On Wed, Sep 17, 2014 at 05:02:33PM -0000, stsp_at_apache.org wrote:
> Author: stsp
> Date: Wed Sep 17 17:02:33 2014
> New Revision: 1625674
> URL: http://svn.apache.org/r1625674
> Fix a big scalability problem in the implementation of svnpredumpfilter.py.
> The script kept re-computing the set of additional include paths while
> mining the log history for copied paths.
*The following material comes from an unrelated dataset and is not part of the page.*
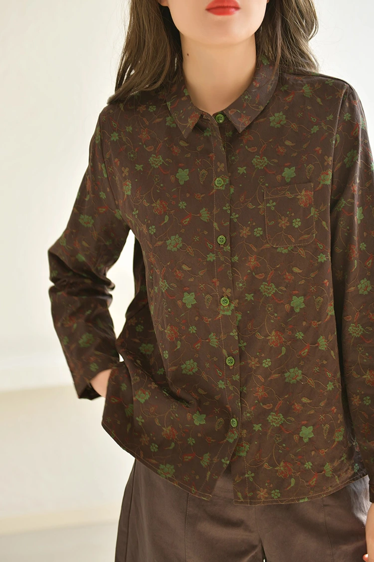 여성용 꽃무늬 캐주얼 블라우스는 유럽과 미국 시장에 맞는 복고풍 미적 디자인을 채택했습니다. 패턴의 포용성을 고려하면서 예술적이고 복고적인 스타일을 추구하는 현지 소비자의 취향을 정확하게 포착했습니다. 다크 브라운 베이스 컬러에 레트로한 덩굴 패턴 프린트가 돋보이는 셔츠입니다. 색조가 안정적이고 웅장하여 우아한 예술적인 분위기를 연출합니다. 일반적인 인쇄 스타일과 달리 유사한 제품 사이에서 빠르게 눈에 띄고 매장 차별화 이점을 창출할 수 있습니다. 패턴은 심플한 작은 옷깃 디자인을 채택해 심플하고 우아하며 유럽과 미국의 캐주얼한 옷차림 스타일에 잘 어울린다. 루즈한 어깨 디자인은 다양한 체형에 적합하며 체형에 까다롭지 않고 어깨 너비, 허리, 복부를 효과적으로 수정할 수 있어 유럽과 미국의 다양한 체형 소비자에게 적합하며 단말기 판매 고객을 크게 확대하고 구매 반품률을 향상시킵니다.
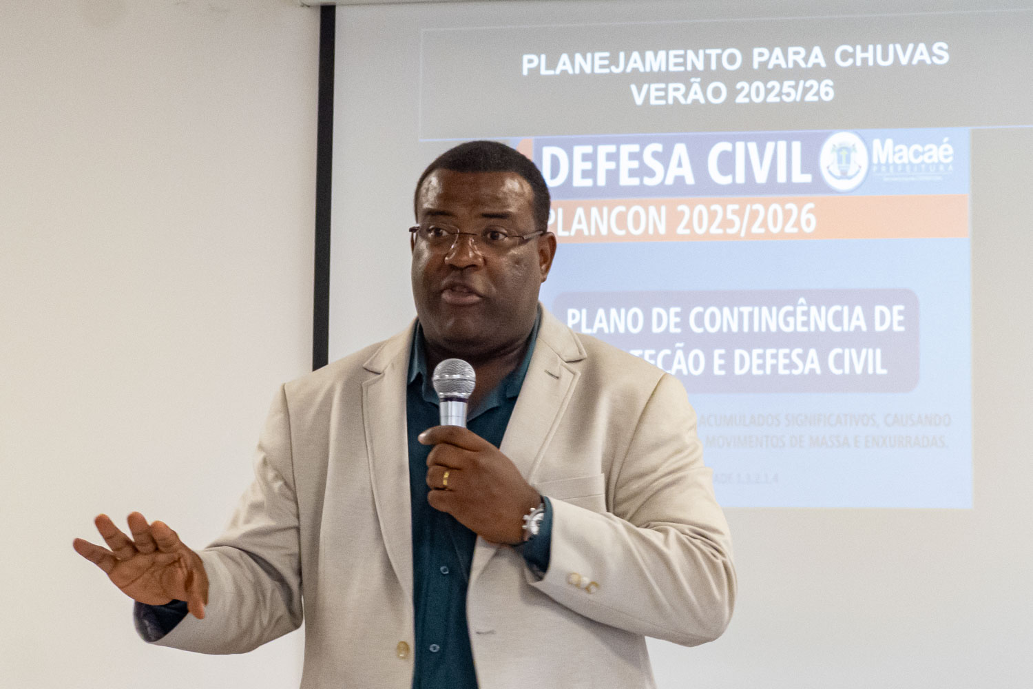 A abertura da apresentação do plano contou com a presença do vice-prefeito, Dr. Fabiano Paschoal, que elogiou o trabalho pró-ativo da Defesa Civil de Macaé.

Each re-computation involved
> a full iteration of the set of copies accumulated so far, which made
> the run time explode on large repositories.
> Instead, we can gather all copies first, and then iterate them at once.
> In my testing this change reduces the runtime of svnpredumpfilter.py on
> a 64GB large dump file of the FreeBSD repository (up to r271458) from
> several days(!) to 1.5 minutes.
> * tools/server-side/svnpredumpfilter.py
> (svn_log_stream_get_dependencies): Run dt.handle_changes() once the log
> history has been fully scanned, not for each revision.
It is possible that there is a slight regression with this change.
Currently the script is only detecting direct copy sources of the
to-be-included set of paths, but not copy sources of copy sources.
I'm working on a fix for this problem that doesn't involve reverting
this change and still lets the script complete its task within a
reasonable amount of time.
> Modified: subversion/trunk/tools/server-side/svnpredumpfilter.py
> URL: http://svn.apache.org/viewvc/subversion/trunk/tools/server-side/svnpredumpfilter.py?rev=1625674&r1=1625673&r2=1625674&view=diff
> --- subversion/trunk/tools/server-side/svnpredumpfilter.py (original)
> +++ subversion/trunk/tools/server-side/svnpredumpfilter.py Wed Sep 17 17:02:33 2014
> @@ -204,7 +204,6 @@ def svn_log_stream_get_dependencies(stre
> - dt.handle_changes(path_copies)
> # Finally, skip any log message lines. (If there are none,
> # remember the last line we read, because it probably has
> @@ -221,6 +220,7 @@ def svn_log_stream_get_dependencies(stre
> "'svn log' with the --verbose (-v) option when "
> "generating the input to this script?")
> + dt.handle_changes(path_copies)
> return dt
> def analyze_logs(included_paths):
Received on 2014-09-17 21:59:12 CEST